Linus Hui is a Hong-Kong born and bred artist. Having acquired a Product Design degree from the Polytechnic University of Hong Kong, in 2009, Linus commenced on working on paper-crafted costumes and self-portraits that were to be presented through the Flickr photo sharing website. Due to its originality and aesthetic outcome, Linus’ project soon became very popular encouraging him to enrich his portfolio with other works of the same culture. Alongside his personal projects, he has also designed some paper sculptures for Lane Crawford, a leading luxury retailing company in Hong Kong and China. For 2011, the Feel Good Factory will be enhanced with the Linus’ Know How’ - a humorous self-help guide, which is aimed at discussing and dealing with any personal situation.
Yet, because the personal view of the artist is always more clarifying and quotes make a text much more interesting, Yatzer chased Linus Hui to gain a firsthand sight of his aspect of the ‘Feel Good Factory’....
We admit that when we first saw your work, our first thought was that this is rather a unique concept. Would you like to explain how you came up with this idea?
I had competed 2 daily self-portraits before, and I thought it would be interesting to have a series of daily projects (for 365 days) that had a coherent theme. Also, straying away from my daily emotions and my daily activity, I wanted to test my creativity and create a new “genre”. Since I have started to fall in love with using paper and making paper costumes, it was only natural that I should create a paper item for a topic each day. Whereas the self-help guide was unintentional, I started the paper costume project on the 3rd day, and I thought a humorous self-help guide would communicate very well with the readers.

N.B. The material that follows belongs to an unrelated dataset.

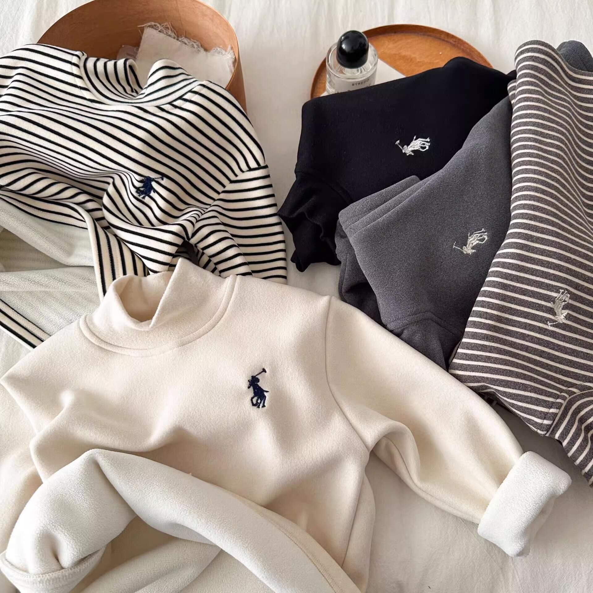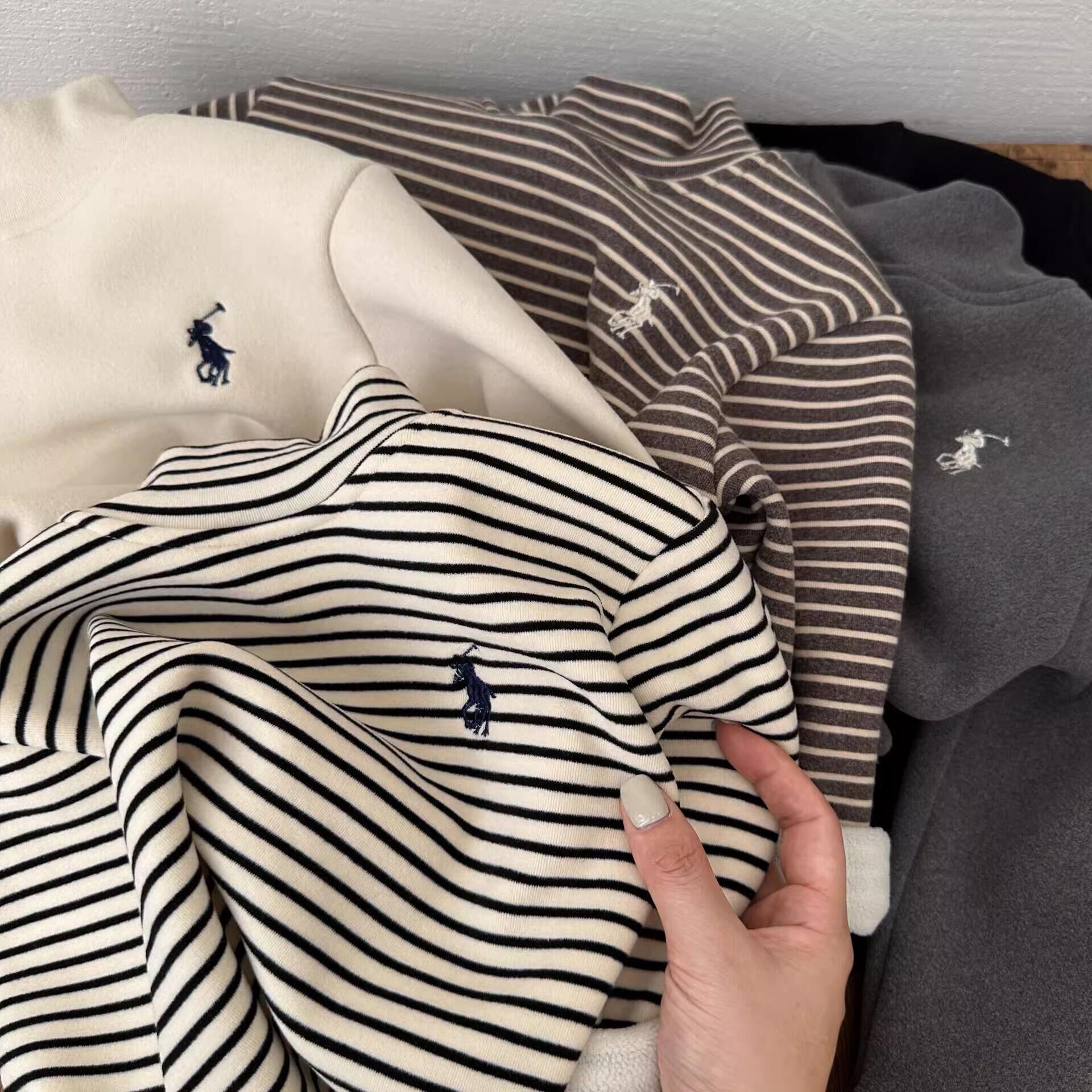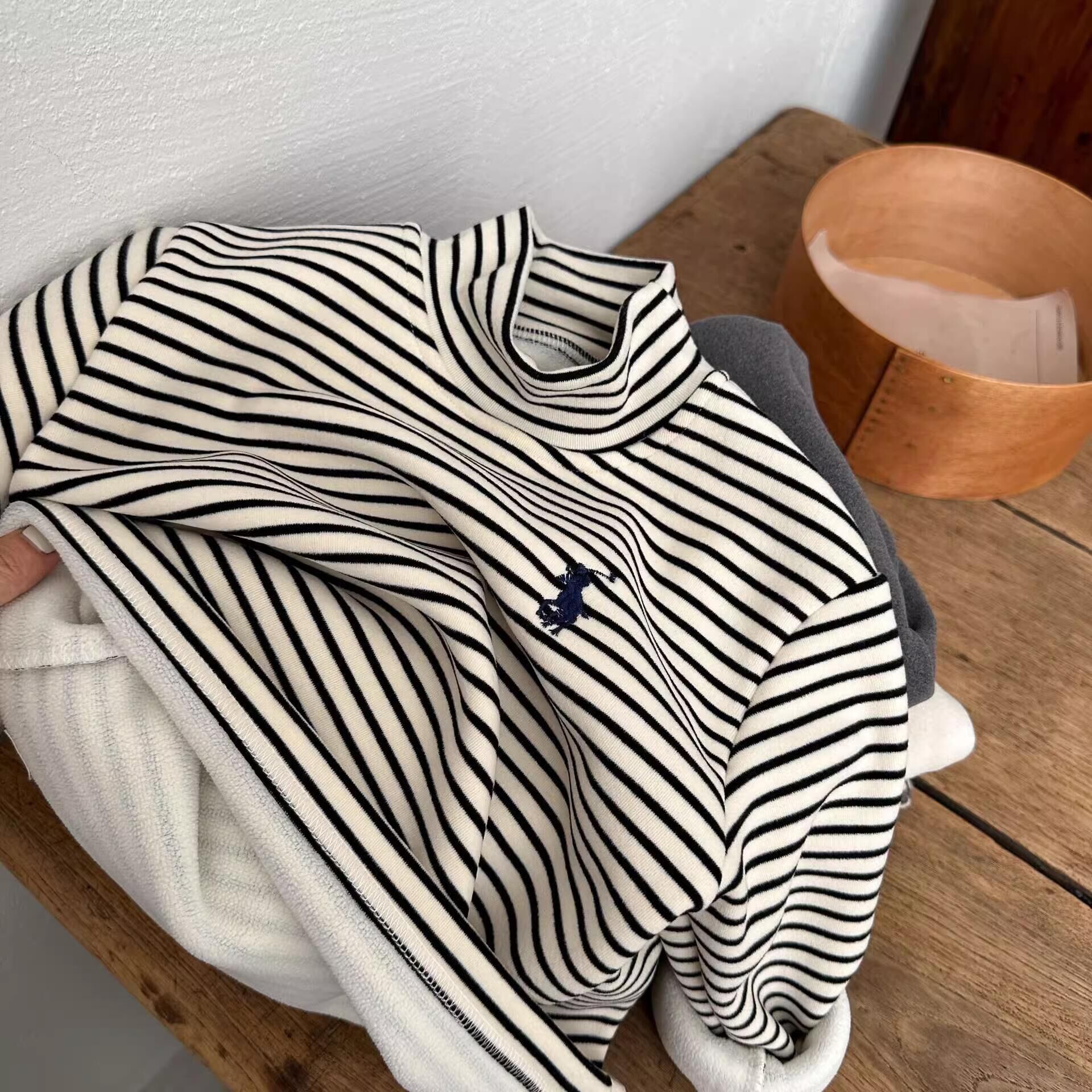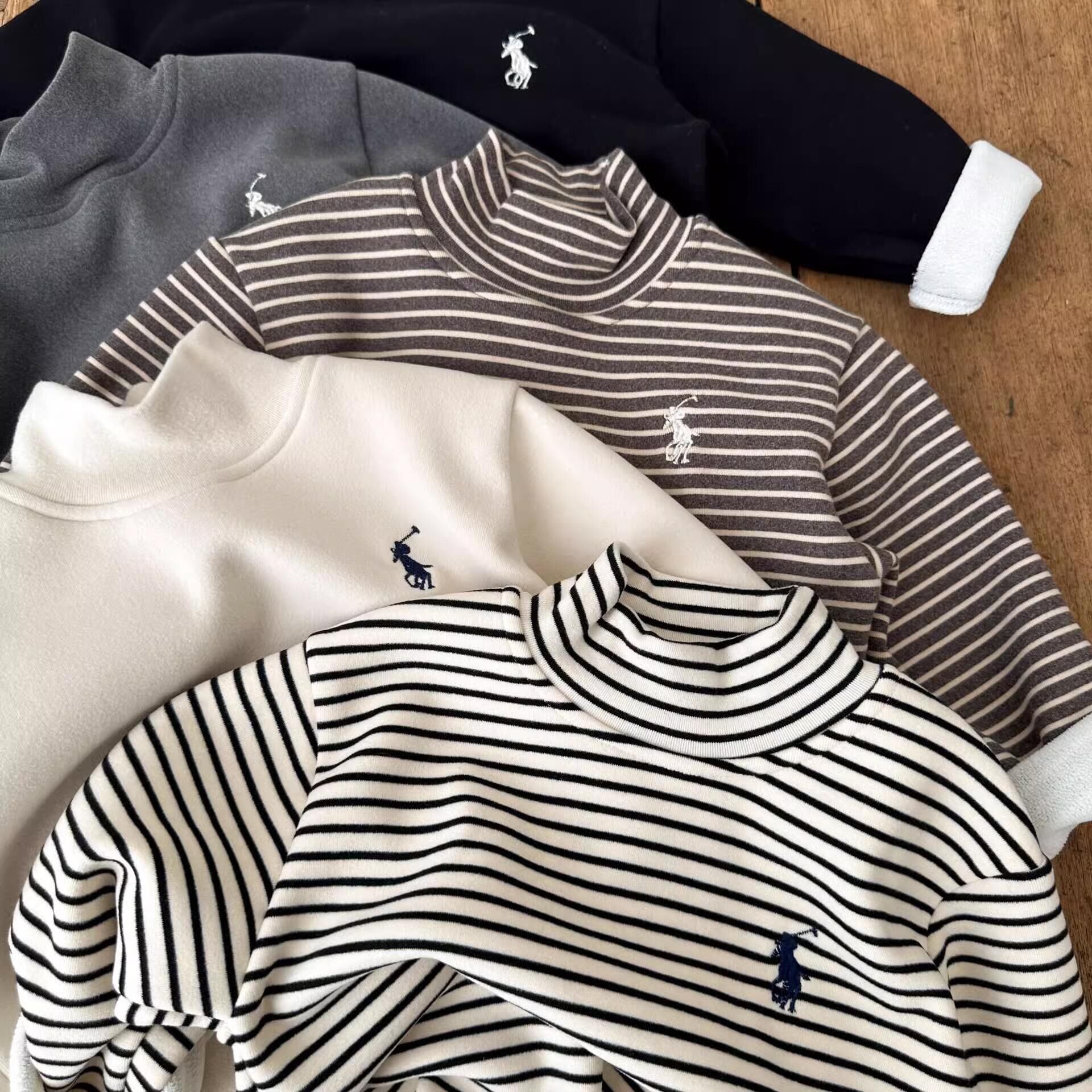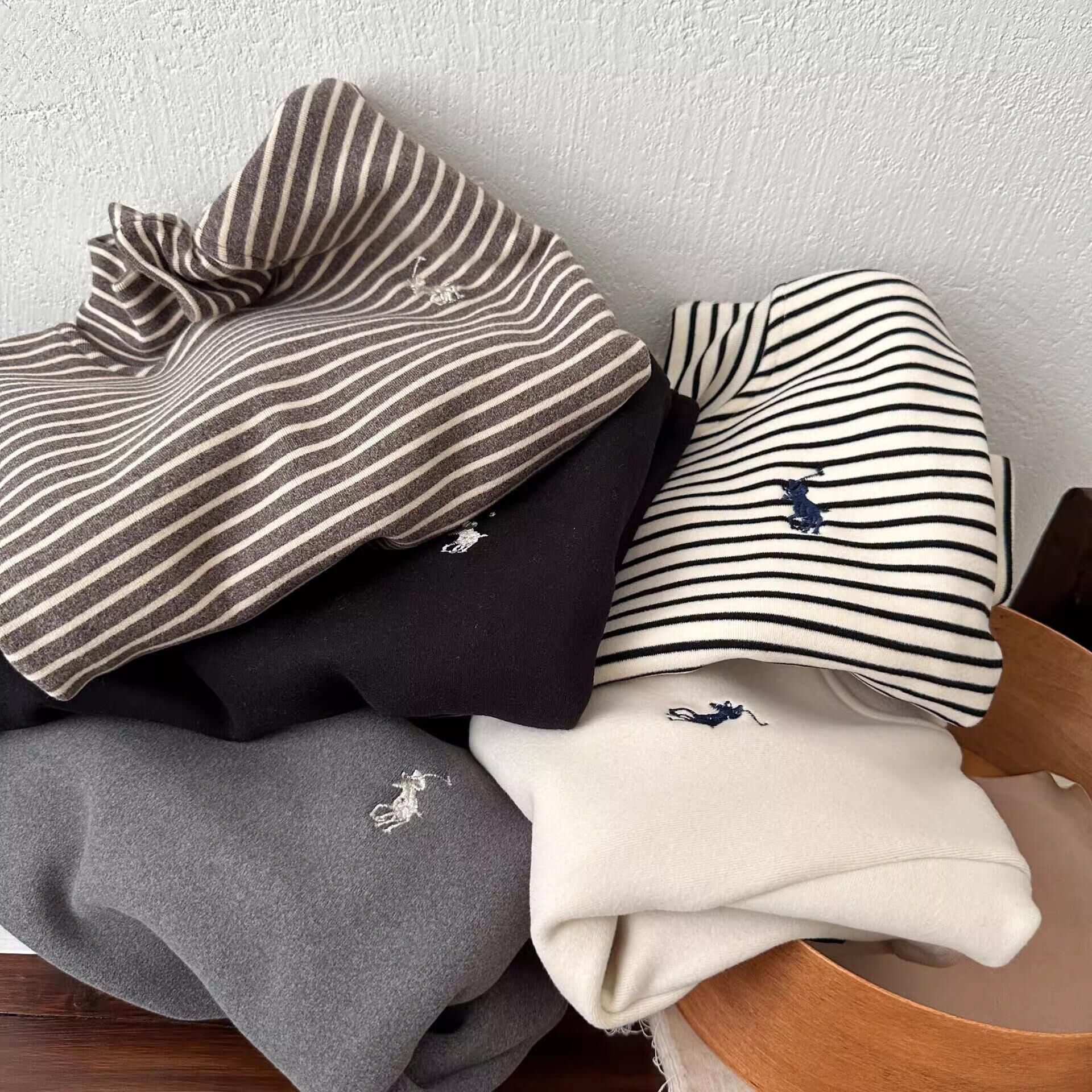라임 어린이 바닥 셔츠 가을과 겨울 새 소년 세미 하이 칼라 긴 소매 T 아기 자수 스트라이프 탑 올 매치스토어 가기

What is the inspiration for your themes?
I am inspired by our daily, “mundane” thoughts and behaviours, and “literal interpretations” of idioms. I love idioms, and I love the idioms about animals the best. They just give me fantastic reasons to design and make little animal costumes. Also, I find our emotional journeys from love to hate, from loneliness to our sense of belonging very inspirational. We all go through them, and we are all linked by them, as people.

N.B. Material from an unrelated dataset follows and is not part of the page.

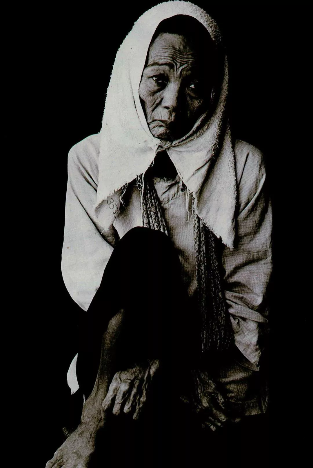 「生病的婦人」(一九六三年)中,許淵富直率、銳利地抓住了一個病中婦人的老暮心緒。婦人獨特的裝束與坐姿,她哀愁的眼神,乾瘦的臉頰與脈絡嶙峋的手背跡痕,在全黑的背景前,傳達了令人心悸,動容的感傷。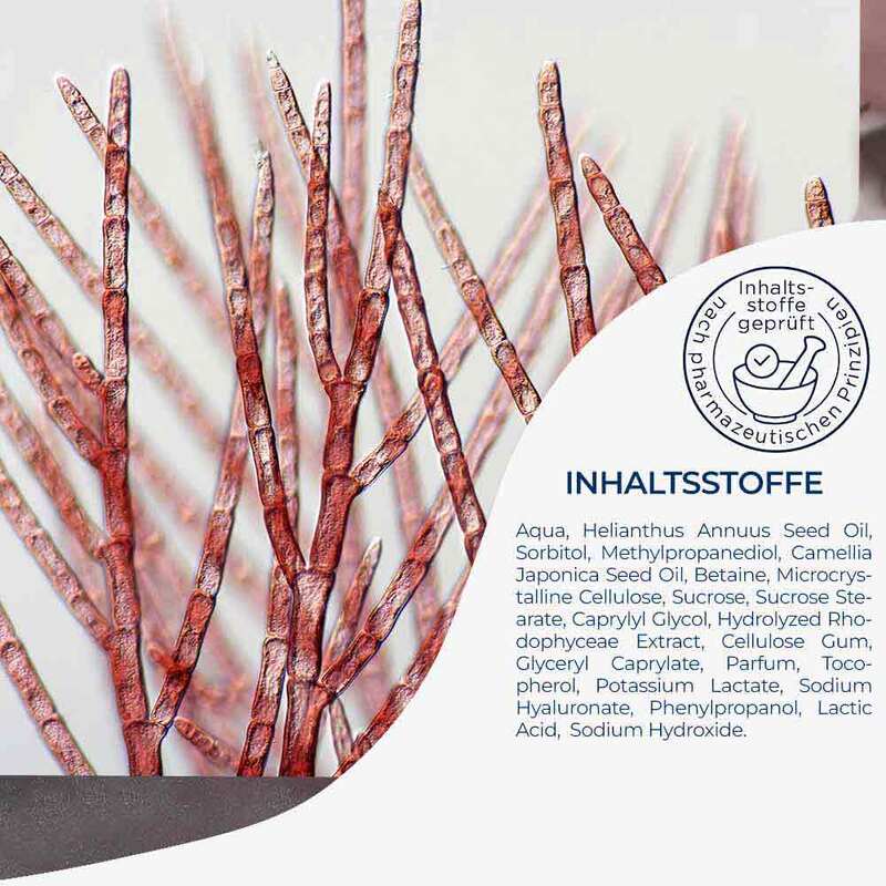 Aqua, Helianthus Annuus Seed Oil, Sorbitol, Methylpropanediol, Camellia Japonica Seed Oil, Betaine, Microcrystalline Cellulose, Sucrose, Sucrose Stearate, Caprylyl Glycol, Hydrolyzed Rhodophyceae Extract, Cellulose Gum, Glyceryl Caprylate, Parfum, Tocopherol, Potassium Lactate, Sodium Hyaluronate, Phenylpropanol, Lactic Acid, Sodium Hydroxide.

We noticed in your work that you tackle issues from our everyday lives but always depict them in a humoristic manner. Was there some sort of identification that you are aiming for? For instance, a chance of seeing the amusing side of our everyday matters?
My humoristic manner of handling subjects, especially for our delicate emotions and problems, is actually a pessimistic reaction to life. If we cannot really solve these problems, we may as well enjoy ourselves, and my approach is to see our subjects’ contradictions and absurdity. On the other hand, sarcasm is also a good defence against the grown-up world.
What makes Linus feel good?
Linus feels good when he has having his feet up, after a good supper, watching a lovely television programme and having a nap - in other words, being well-fed and content. I also enjoy watching my bunny very much.
Is there any other project that you are currently working on?
I have just finished making a big paper set for a commercial print ad. My goal is to finish this year’s daily self portrait, and start with new material in the coming year. I have my heart set on leather and metal. I have always wanted to work with sheet metal, and I would like to experiment the techniques and shapes I use on paper.